Step 4. Choose rewrite strategy
Before editing, decide what kind of rewrite each file needs.
| Problem type | Rewrite move |
|---|
| No main line | Rebuild around one narrative or workflow |
| Mixed levels | Rework heading hierarchy |
| Verbose prose | Compress and harden sentences |
| Weak structure expression | Convert to table / Mermaid / list / tag block |
| Wrong file placement | Move detail to references/ or assets/; keep SKILL.md lean |
| Repeated content across files | Keep one source of truth and delete or compress the duplicate |
Two rewrite modes exist:
| Mode | Use when | Constraint |
|---|
| Structure + expression | The current structure is genuinely broken | Rebuild structure, but preserve semantic invariants |
| Expression-only | The current structure is already coherent | Do not invent a new organizing model; improve wording, density, and medium choice only |
Do not drift into freeform editing. Pick a rewrite move and a rewrite mode, then execute them.
Step 5. Rewrite the files
Rewrite the Markdown directly.
- Rebuild headings around one main line per file.
- Convert weak prose into stronger structures when appropriate.
- Tighten wording until it reads like SOP, not explanation.
- Remove filler, drift, meta-commentary, and redundant restatement.
- Keep examples only when they materially improve execution.
- Keep templates out of
SKILL.md unless they are short and always needed.
Step 6. Check directory-level consistency
After rewriting individual files, review the skill directory as a system.

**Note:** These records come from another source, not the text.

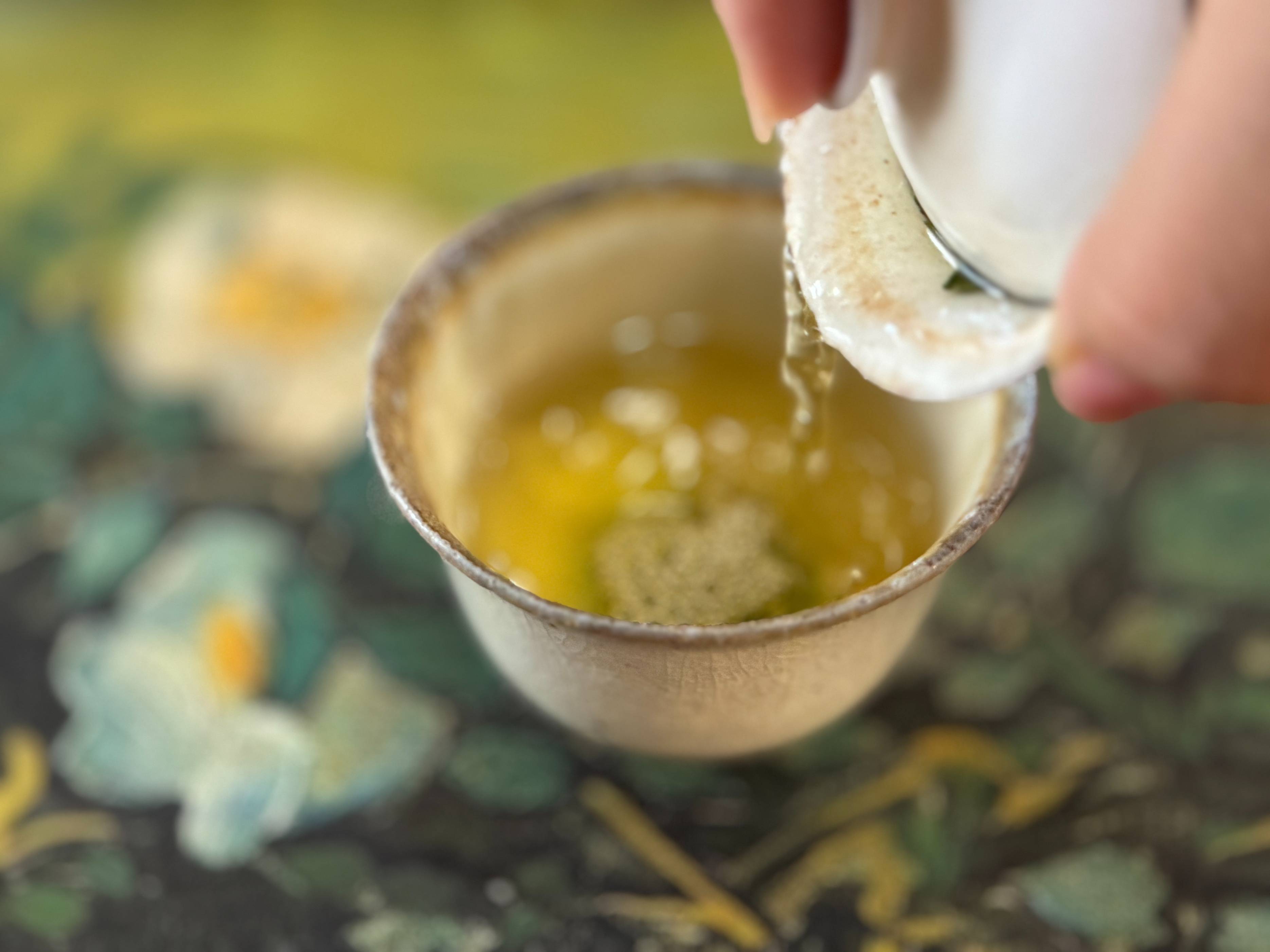 若暂时没有克秤,就确保投入杯中的干茶量,能薄薄一层覆盖住杯底即可。
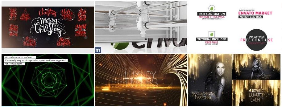 - Elegant Luxury Titles и Luxury Event ориентированы на премиум-сегмент, включая свадебные фильмы, торжественные мероприятия, люксовые презентации. Дизайн отличается изысканностью, плавностью переходов и использованием дорогостоящих визуальных элементов, таких как золотые эффекты и бриллиантовые блики.
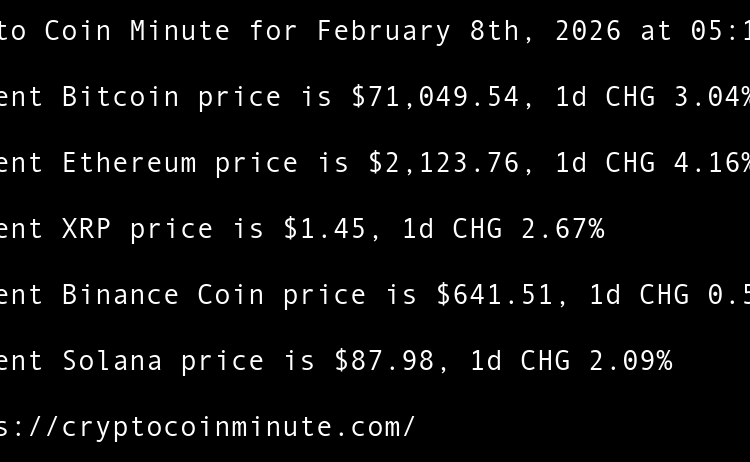 Crypto Coin Minute for February 8th, 2026 at 05:15 AM Pacific Time.
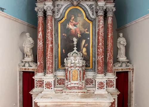 Na sredini antependija oltara je medaljon s volutama i lepezastim ukrasom na vrhu. Središnji dio medaljona isklesan je u zelenom mramoru, dok je površina antependija od crveno-bijelog mramora. Na pravokutnim bazama dižu se sa svake strane po dva stupa od crvenog mramora koji završavaju kompozitnim kapitelima. Na retablu oltara, između stupova, nalazi se oltarna niša iznad koje je glava anđela i mramorni baldahin, iznad kojega je postavljena golubica.
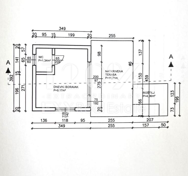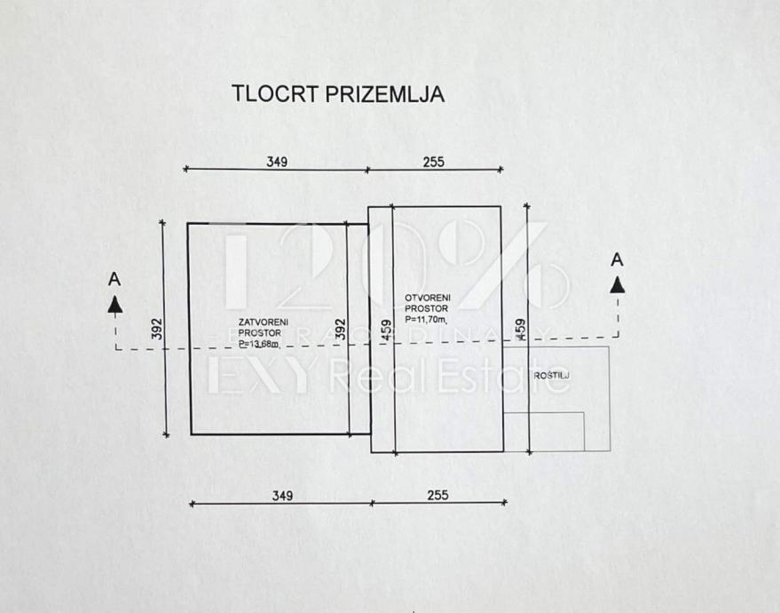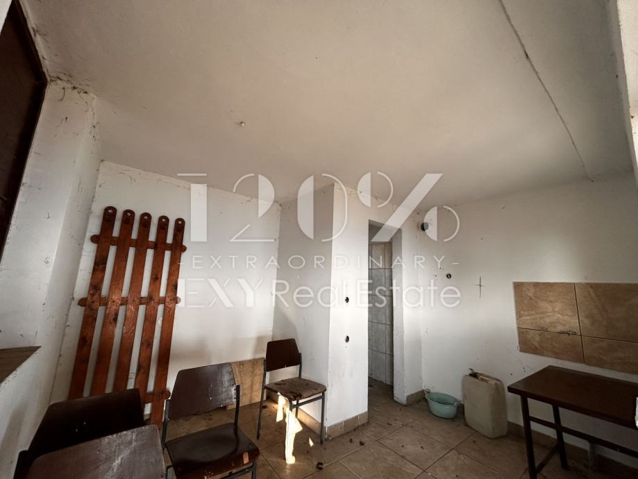 Kuća ima ukupnu površinu od 25,38 m², od čega je 13,68 m² zatvorenog prostora, dok preostalih 11,7 m² čini natkrivena terasa s betonskim kaminom, idealna za uživanje na otvorenom. Unutrašnjost kuće sastoji se od jedne prostorije i WC-a te je potrebno opremanje interijera prema vlastitim željama.
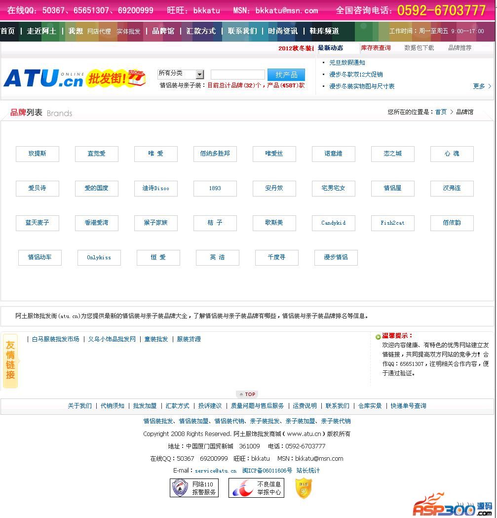 阿土服饰批发商城网(atu.cn)成立于2006年,是国内最专业的情侣装批发、亲子装批发、情侣饰品,网络批发、代销、网店代理,统一代为发货,... 下载地址 下载地址已转移到新版网站,请点击左上角-首页,在新版网站搜索此套源码的标题进行下载。
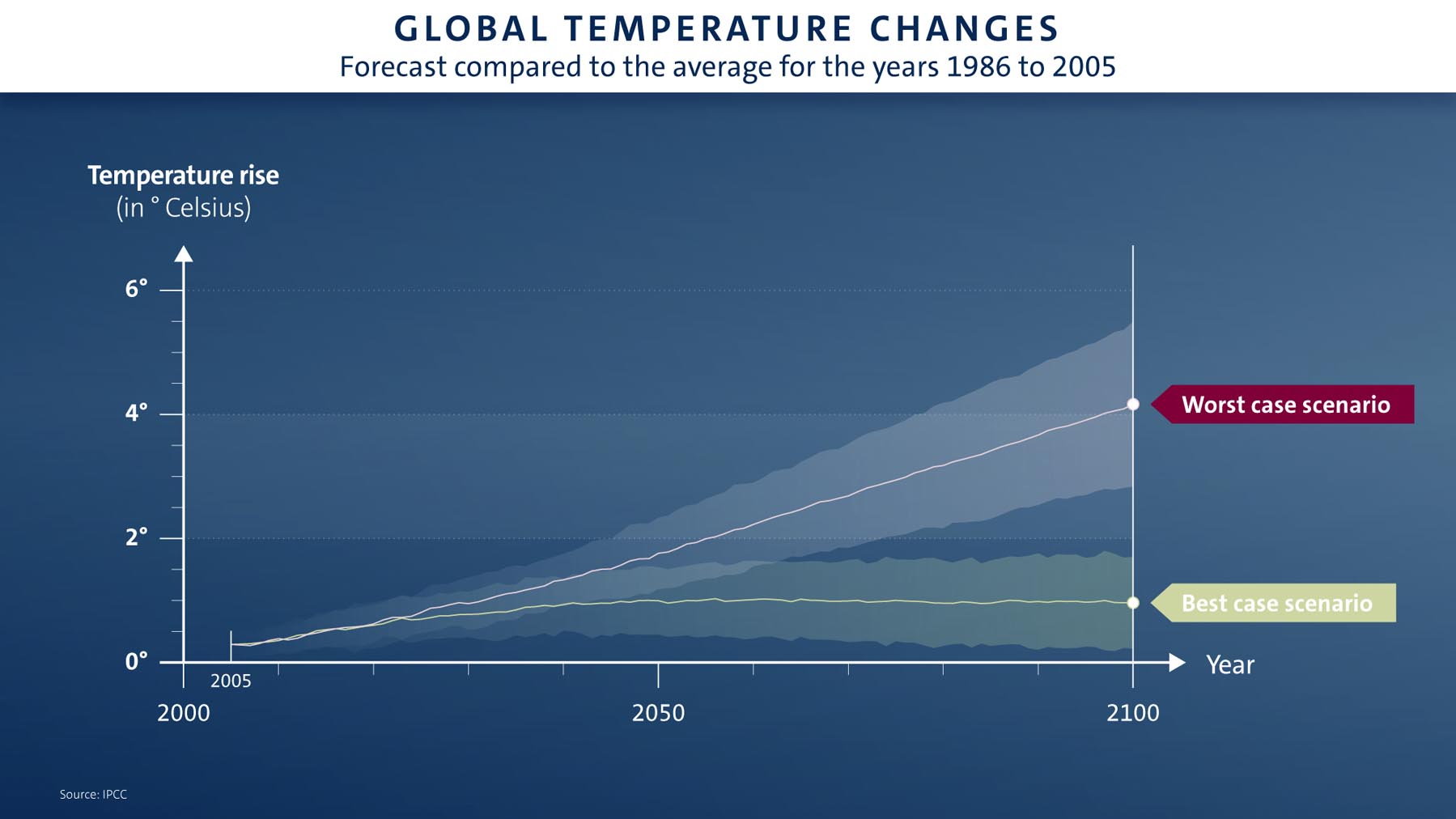 - Εάν οι εκπομπές CO2 συνεχίσουν να αυξάνονται παγκοσμίως, μέχρι το 2100 η Γη θα ζεσταθεί έως και τέσσερις βαθμούς Κελσίου.
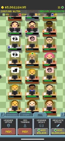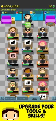 《创业模拟器》是一款像素风格的模拟经营休闲类手游,玩家需要想尽办法将自己的公司慢慢做大,不断的为自己招募高水准的员工,完成各种大额商业交易,从而逐渐扩大自己公司的规模,最终成为一名商业大亨。
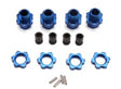 Wheel hubs, splined, 17mm, short (2), long (2)/wheel nuts, splined, 17mm (4) (blue-anodized)/ hub retainer M4x0.7 (4)/axle pin (4)/wrench, 5mm
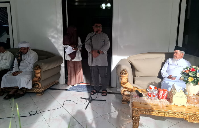 Sekda Kabupaten Gorontalo Sugondo Makmur saat memberikan sambutan dalam acara halalbihalal bersama Syarikat Islam. (Foto: Humas)
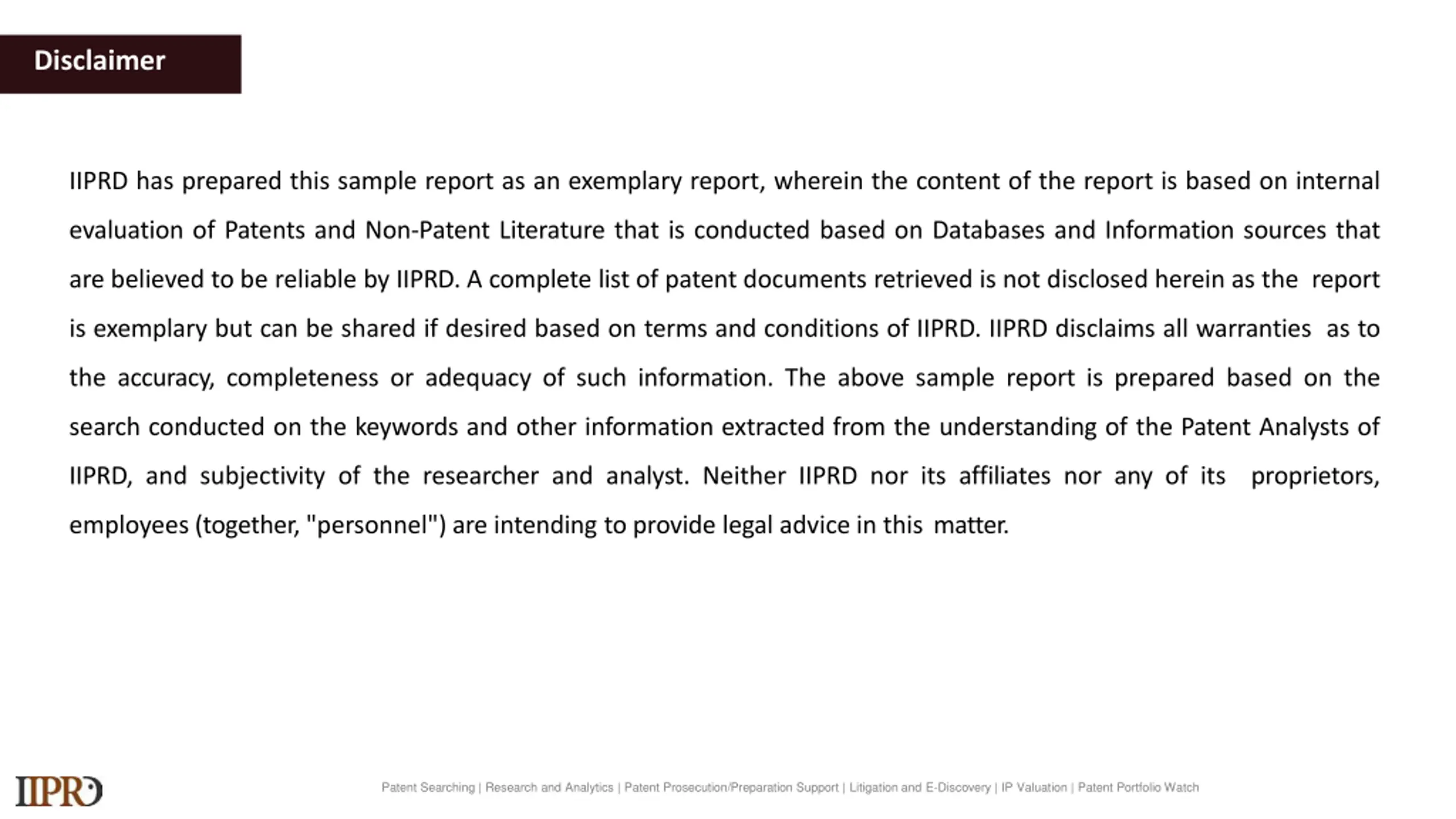 Disclaimer IIPRD has prepared this sample report as an exemplary report, wherein the content of the report is based on internal evaluation of Patents and Non-Patent Literature that is conducted based on Databases and Information sources that are believed to be reliable by IIPRD. A complete list of patent documents retrieved is not disclosed herein as the report is exemplary but can be shared if desired based on terms and conditions of IIPRD. IIPRD disclaims all warranties as to the accuracy, completeness or adequacy of such information. The above sample report is prepared based on the search conducted on the keywords and other information extracted from the understanding of the Patent Analysts of IIPRD, and subjectivity of the researcher and analyst. Neither IIPRD nor its affiliates nor any of its proprietors, employees (together, "personnel") are intending to provide legal advice in this matter. Patent Searching | Research and Analytics | Patent Prosecution/Preparation Support | Litigation and E-Discovery | IP Valuation | Patent Portfolio Watch
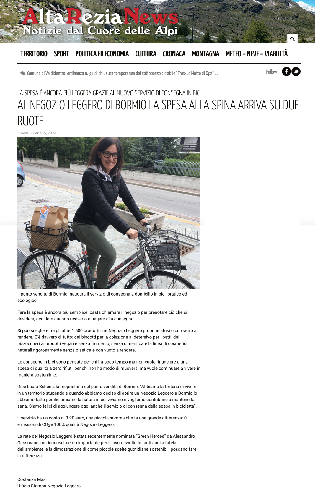 Al Negozio Leggero di Bormio arriva la consegna in bici.
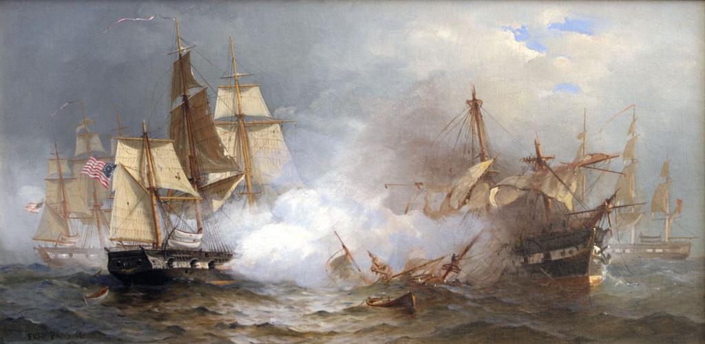 | Keywords: Fred Pansing - Frigate USS „United States“ conquers HMS „Macedonian“.jpg Fred Pansing 1844-1912 Circa 1880 oil canvas in 12 24 object history credit line Signed lower left Fred Pansing accession number http //www vallejogallery com/item php title Frigate_UNITED_STATES_Conquers_H M S _MACEDONIAN category id 235 vallejogallery PD-old-auto-1923 1912 Fred Pansing USS United States ship 1797 HMS Macedonian ship 1810 Naval battles in art 1880s paintings 19th-century sailing ships in paintings |
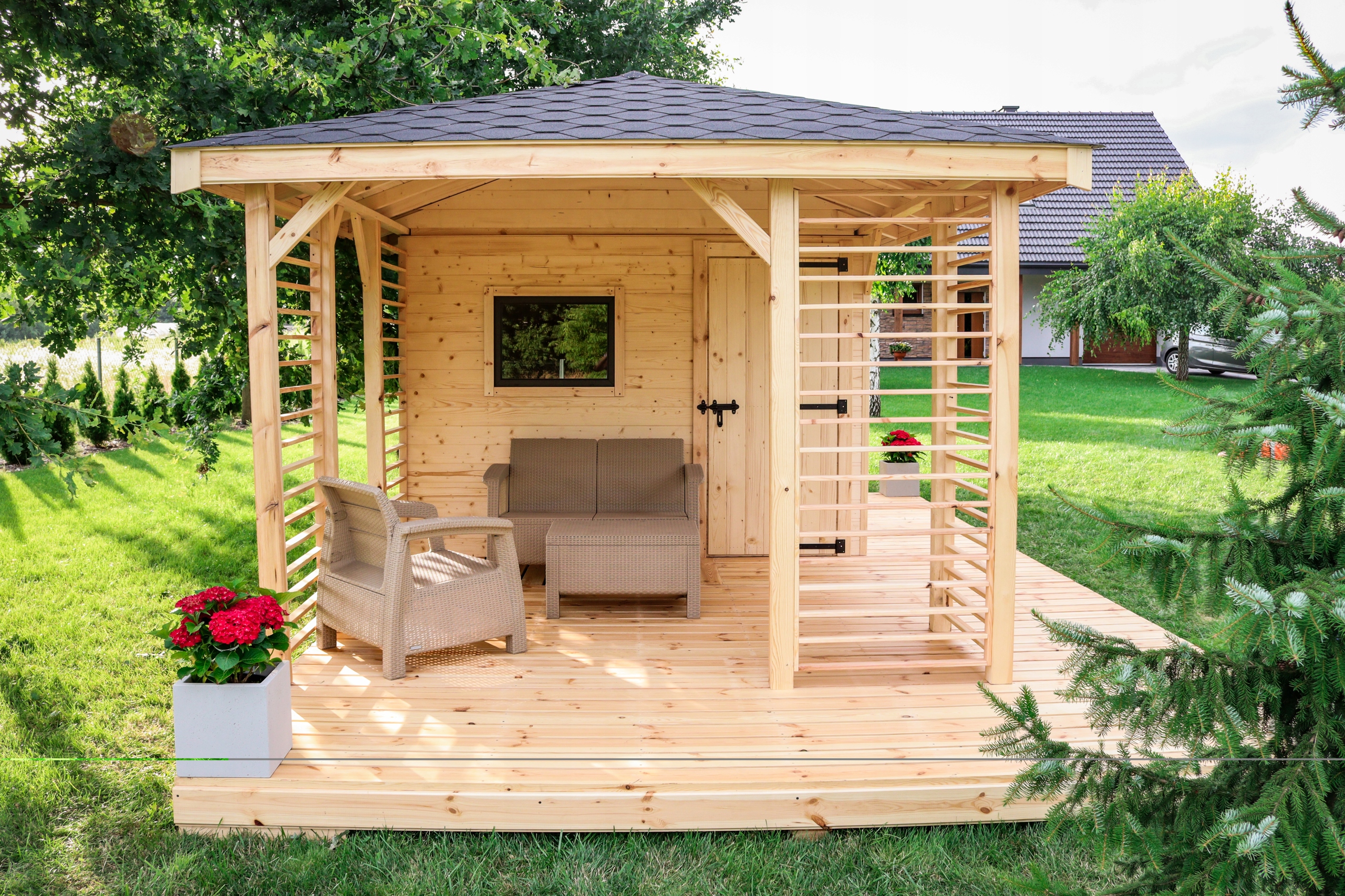 В наши садовые домики вы можете вносить свои изменения, благодаря которым вы легко адаптируете дом под свой сад и участок. Вы можете менять места дверей, окон и пропорции дома. Мы польский производитель садовых домиков, дач и беседок.

| Check | Pass condition |
|---|
| Role separation | SKILL.md, references/, scenarios/, and assets/ do not compete for the same job |
| Reference flow | SKILL.md points to deeper files only when needed |
| No structural drift | Similar files use compatible structural logic |
| No accidental duplication | The same rule or template is not maintained in multiple places without reason |
| Style coherence | Markdown across the directory feels like one skill, not multiple authors fighting each other |
Step 7. Report what changed
After editing, give a short summary:
- which Markdown files changed
- what improved structurally
- what improved expressively
- any intentional non-changes
Do not emit a long review report. The rewritten files are the main output.